Responsible Pet Ownership: Dogs
On this page:
- Are you really ready for a dog?
- Having a dog is fun
- Safety around dogs
- Dogs in pickups
- When shelter is necessary
- Breaking the barking habit
Are you really ready for a dog?
- Can you afford veterinary care, food and grooming cost?
- Will you obey laws that pertain to animal ownership?
- Do you have allergies?
- Will you take time with your pet on a regular basis? Dogs need daily exercise and training.
- Will you make a commitment to a pet for its entire life? A dog or cat may live to be 20 years old.
- Will you have the pet spayed or neutered?
- When you take a vacation, do you know what to do with your pet?
- Does your landlord allow pets? If so, do they require a deposit?
If you answered yes to all of the above questions you will be a responsible dog owner.
Having a dog is FUN...
...but it's also a big responsibility. Remember that your dog depends on you for everything. Use the list below to learn how to take care of your dog the right way. Giving your dog what it needs is being a responsible owner and good friend.

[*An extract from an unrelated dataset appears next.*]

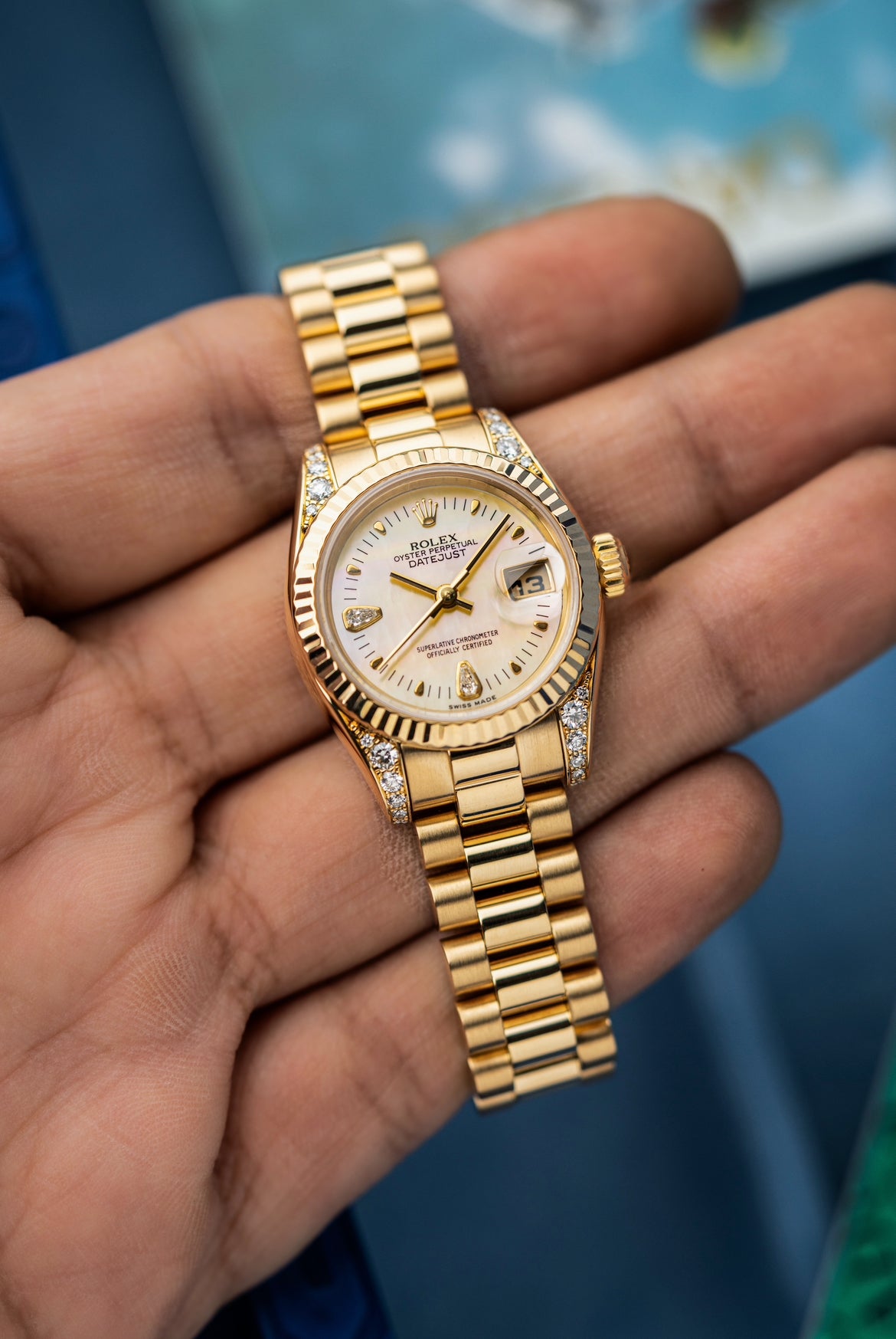 The Rolex Lady-Datejust is a timeless icon of refinement, elegance, and everyday luxury. This reference 179238 exemplifies the collection’s enduring appeal, pairing Rolex’s unmistakable Datejust design with precious materials and feminine proportions. Its classic 26mm yellow gold case offers a graceful wrist presence while remaining effortlessly wearable.

Are you a responsible owner?
- provide fresh water at all times?
- provide quality dog food?
- have your dog checked by a veterinarian at least once a year?
- make sure your dog wears its current license and ID tag?
- make sure your dog gets plenty of exercise?
- bathe and groom your dog regularly?
- play with your dog?
- train your dog?
- give it lots of love?
Safety Around Dogs
All dogs are different, just as people are different. Some dogs are friendly and some are not. Sometimes even a friendly dog may bite.
Dogs may bite when they are surprised, excited or scared. Running, yelling, loud noises and teasing can cause a dog to bite you.
If a strange dog comes toward you:
- Be calm and stand still. Never run away.
- Face the dog and watch him, but don't stare into his eyes.
- Speak softly but firmly to the dog, saying things like, "good dog".
- After the dog has calmed down and doesn't look scared or angry, you can leave safely by slowly backing away.
- Never run from a dog.
- Never touch a dog you don't know.
If you're riding a bike and you see a strange dog:
- Stop the bike.
- Get off the bike on the side away from the dog.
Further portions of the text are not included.